PROVIDED RECORDS: Begin

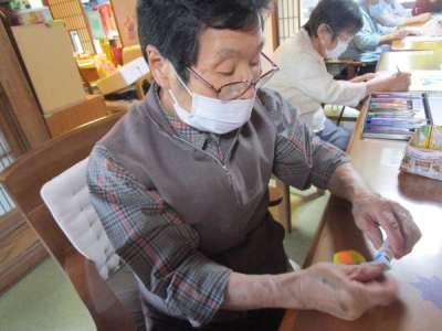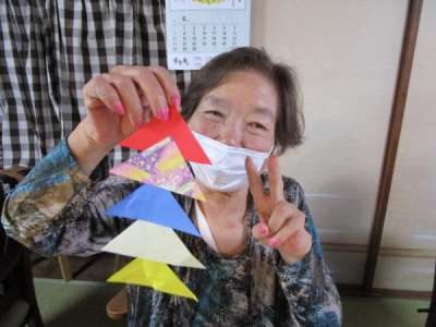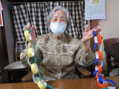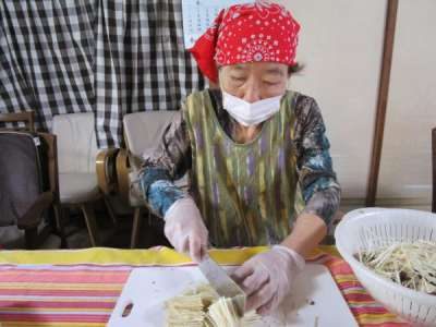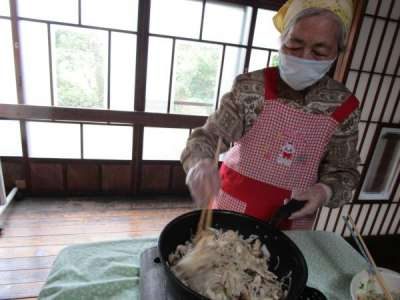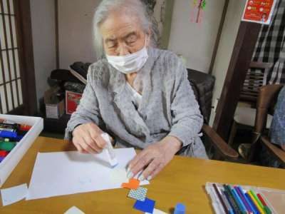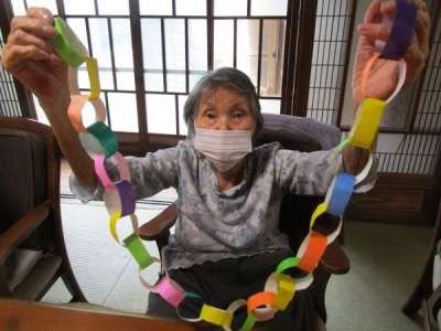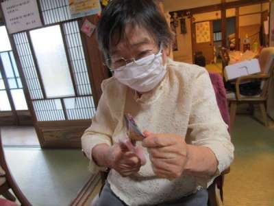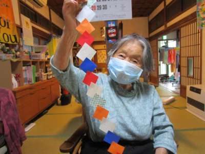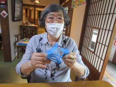 半紙で大きな網飾りの作り方を教えてくださる母です
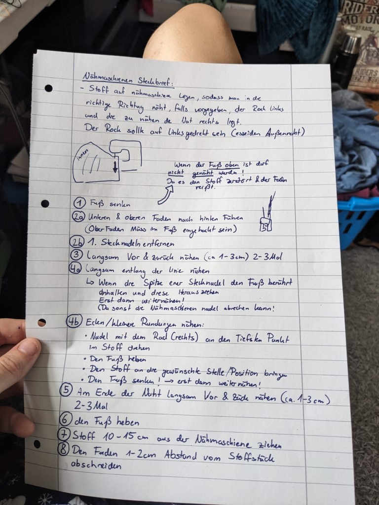 Dieser letzte Nachholtermin war dennoch für die Meisten ein schöner Abschluss, da das gemeinsame Nähen große Freude bereitete. Gegen Ende waren jedoch alle hungrig und erschöpft und es wurde in der naheliegenden Pizzeria bestellt, sodass es gestärkt von der Pizza weiter gehen konnte und auch die letzten Röcke fertiggestellt wurden.
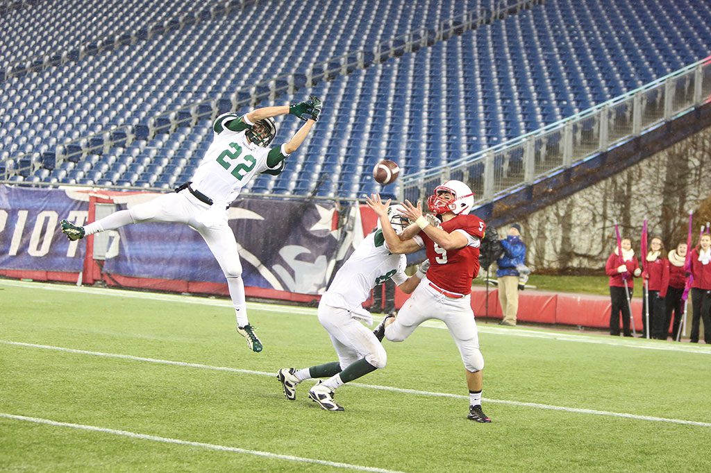 IT WAS a highlight reel moment for Melrose’s Mike Pedrini when he caught this bomb from Melrose quarterback Jake Karelas at the Div. 3 Superbowl at Gillette Stadium. It set up Melrose’s only touchdown in the 14-7 loss.  (Donna Larsson photo)
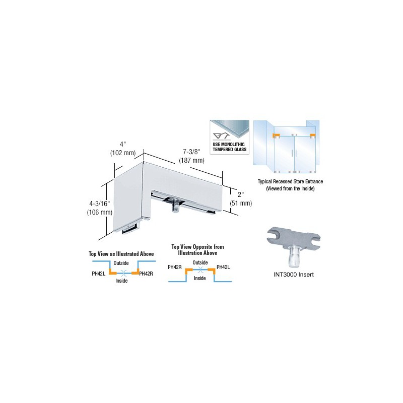 PH42LPS CRL Polished Stainless 90 Degree Left Hand Sidelite Patch with 1NT300 Insert
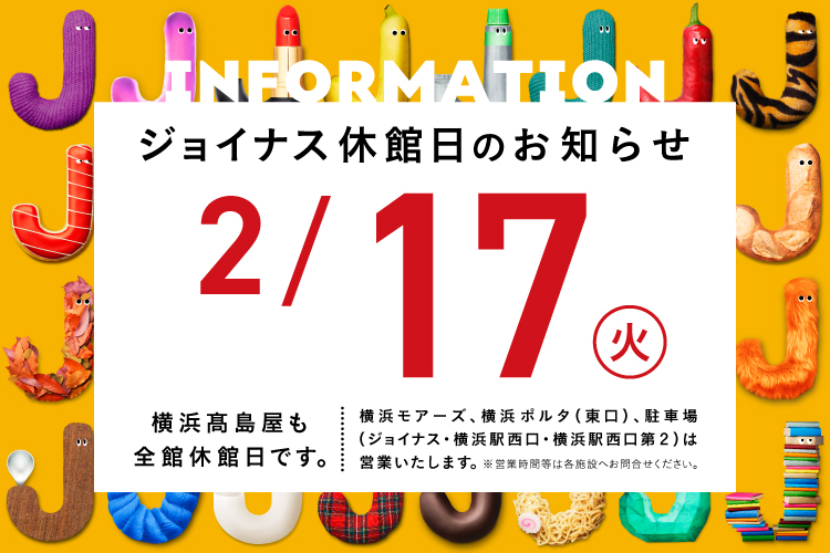 ジョイナス全館休館の為、ジョイナス店はお休みさせていただきます。

PROVIDED RECORDS: End

After locating the line containing "IT WAS a highlight" in the entries above, repeat only it and each later line through the end, exactly, without any pictures.

 IT WAS a highlight reel moment for Melrose’s Mike Pedrini when he caught this bomb from Melrose quarterback Jake Karelas at the Div. 3 Superbowl at Gillette Stadium. It set up Melrose’s only touchdown in the 14-7 loss.  (Donna Larsson photo)
 PH42LPS CRL Polished Stainless 90 Degree Left Hand Sidelite Patch with 1NT300 Insert
 ジョイナス全館休館の為、ジョイナス店はお休みさせていただきます。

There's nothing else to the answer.